Rules

Understanding Feature Extraction Rules

Feature Extraction Rules and Score Definitions are used by data source collectors to locate low-scoring data and are an integral part of ActiveNav Cloud.

These rules will be updated from time to time which will expand upon the existing ruleset and not overwrite baseline or custom rules.

Search by Name

Copying your Feature Extraction / Scores Rules

It is good practice however, to ensure that you backup your Feature Extraction Rules and Score Definitions.  Please see the KBAs Configuring Score Definitions and Feature Extraction Rule View for further information.

Understanding Rules

Rules are written in JSON (a human-readable notation format used for configuration files).

Scoring Definition

NOTE: When writing feature extraction rules in JSON, it is important that the formatting syntax is obeyed. If it is not, an upload of custom rules will fail. There are many JSON format validators available online to check your file.

You can find out more about JSON here - w3schools.com - What is JSON?

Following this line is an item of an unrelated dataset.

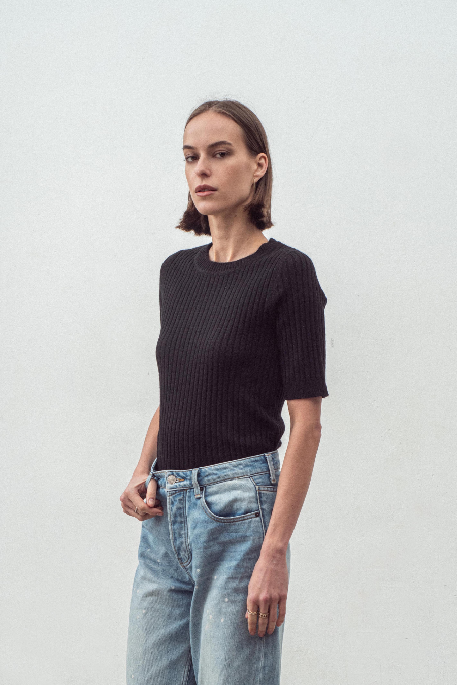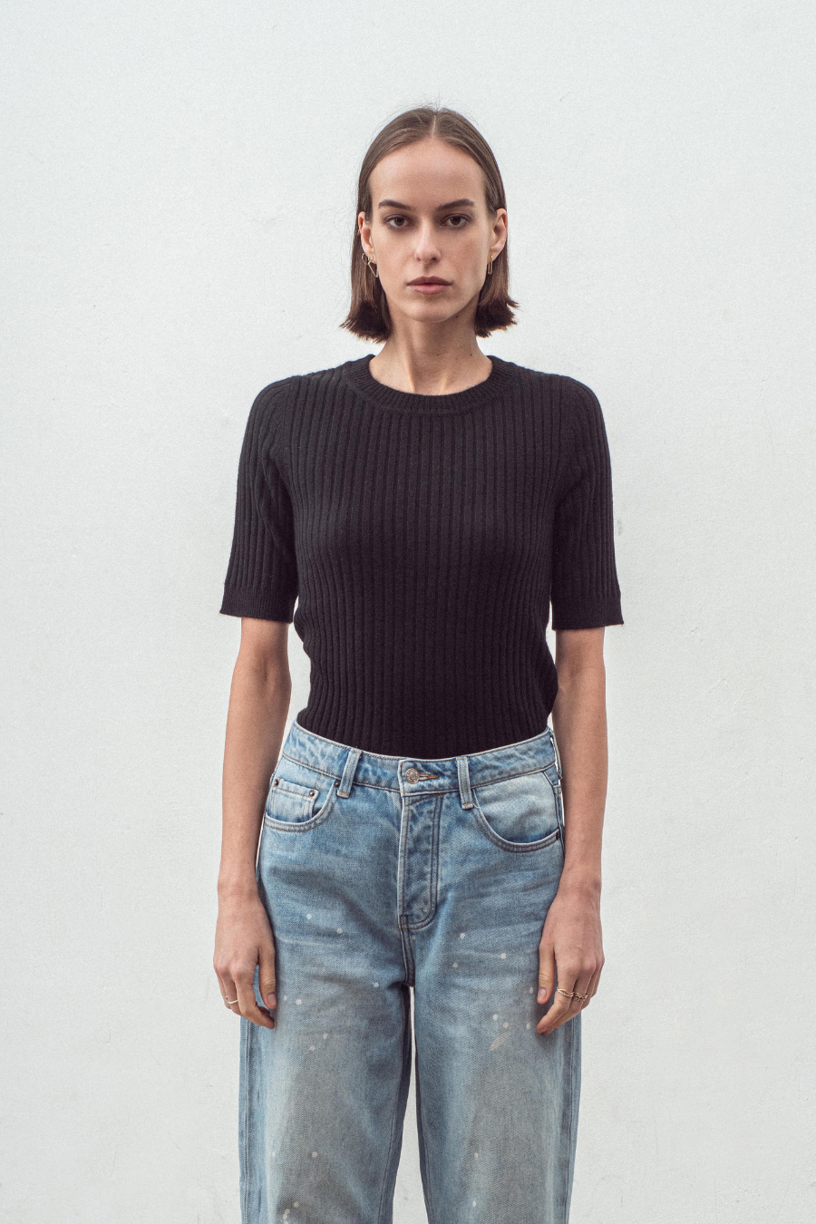 Classic slim fit ribbed crew-neck T-shirt in superior ultra-soft cashmere

  • dataElementName - Element name; this must be unique.
  • definitions - Contains a mapping for the following values: 
    • baseConfidence - A number between 0 and 100; the higher the number, the higher the confidence is that the data found matches the feature extraction rule.
    • isAnchor - If the element is an anchor, it can be associated with other objects to form a higher confidence; values are true or false. This is used for Proximity filters.
    • name - The name of the element.
    • type - Either the type is a Keyword, e.g., "Passport", or a Pattern, e.g., "0000-0000-0".
    • required - Determines if this object is required for a match, true/false.
    • validationLabels - e.g., "CreditCard", "UsItin", "UsSsn".
    • values - These are keywords/patterns that can be associated with the element, e.g., "Credit Card", "3[47][0-9]{13}". 
    • targetContent - This is where the search is targeted, e.g., FileName, FilePath, Content. There can be one or more values.
  • filter -  The filter determines if the rule is searching everything or just the proximity to another element, values are either Any or Proximity.
  • searchable - Accepts true or false and determines whether the rule can be made available for target searches.
  • tags - Each extractor can accept one or more tags such as "Country/Great Britain"  or "Direct Identifiers/National IDs"  .

Confidence Calculation Explanation 

The confidence calculation is adjusted to approach 100 as elements of the feature rule are found.

If, for example, the baseConfidence for an element is 50, and the baseConfidence for an element in proximity is 25, when found together, ActiveNav Cloud's algorithm will calculate the confidence which would be increased due to the proximity of each element.